In order to more clearly illustrate the specific embodiments of the present invention or the technical solutions in the prior art, the following briefly introduces the accompanying drawings that are required in the description of the specific embodiments or the prior art. Throughout the drawings, similar elements or parts are generally identified by similar reference numerals. In the drawings, elements or parts are not necessarily drawn in actual scale.

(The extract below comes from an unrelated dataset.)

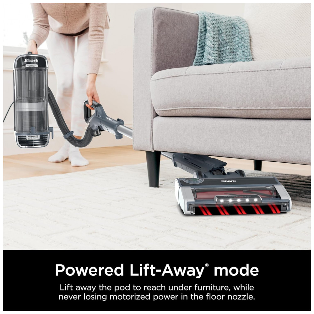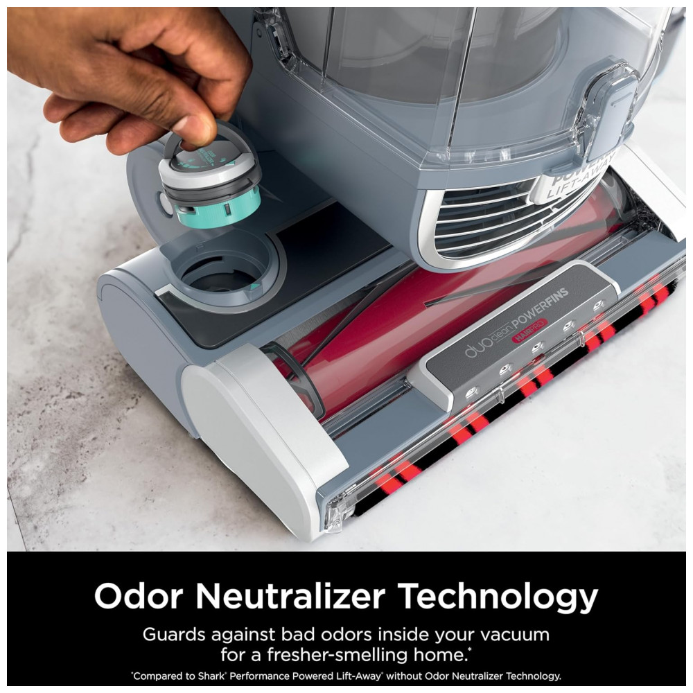 O aspirador vertical Shark Performance Powered Lift-Away UV2500 utiliza tecnologia Powered Lift-Away para separação do pod, permitindo limpeza motorizada sob móveis e em áreas elevadas. Sistema DuoClean PowerFins com dois rolos de escova atende carpetes e pisos duros, com tecnologia Odor Neutralizer para controle de odores internos e No Hair Wrap para captação de pelos sem emaranhamento. Adequado para limpeza de pisos, carpetes e superfícies internas em residências.

Fig. 1: the transmission electron microscope (TEM) photograph of the ternary orthogonal excitation emission system prepared in Example 2 of the present invention;

Fig. 2: The luminescent photo of the ternary orthogonal excitation-emission system prepared in Example 2 of the present invention under the beam-combined excitation of three different wavelengths of near-infrared light (1560/980/808nm);

Figure 3: The physical picture of the full-color up-conversion luminescence nanodisplay based on the ternary orthogonal excitation emission system prepared in Example 2 of the present invention;

Figure 4: Schematic diagram of the structure of a true three-dimensional color display system based on a full-color up-conversion light-emitting nanodisplay according to Embodiment 1 of the present invention;

Fig. 5: The actual figure of the real three-dimensional color display system based on full-color up-conversion light-emitting nano-display according to Embodiment 1 of the present invention;

Fig. 6: A color true three-dimensional stereoscopic display image generated by the true three-dimensional stereoscopic color display system based on the full-color up-conversion light-emitting nanodisplay according to Embodiment 2 of the present invention.

detailed description

In order to clearly and completely describe the technical solution of the present invention and its specific working process, in conjunction with the accompanying drawings, the specific implementation of the present invention is as follows:

Example 1

As shown in Figure 5, this embodiment provides a true three-dimensional color display system based on a full-color up-conversion luminescent nano-display, including a full-color up-conversion luminescent nano-display, an optical lens group, a 980nm laser, an 808nm laser, and a 1560nm laser. And a laser scanner, the optical lens group specifically includes three groups of laser collimating lenses of 980nm, 808nm and 1560nm, a convex lens with a focal length of 25mm, a telephoto lens with a focal length of 10cm, a 980/808nm dichroic mirror, a 980/808/ 1560nm dichroic mirror. The display system outputs stereoscopic image data through 3D modeling software; uses the laser scanner main controller to receive signals; gathers two or three laser beams of any wavelength in 980nm, 808nm or 1560nm on the full-color up-conversion luminescent nanometer display Full-color up-conversion luminescence is generated at the fixed-point position; the laser scanner is programmed to control the laser convergence point to perform fast addressing and scanning in three-dimensional space in the display, and the dynamic three-dimensional with nanometer resolution can be obtained by using the persistence effect of human vision. Display images in stereo.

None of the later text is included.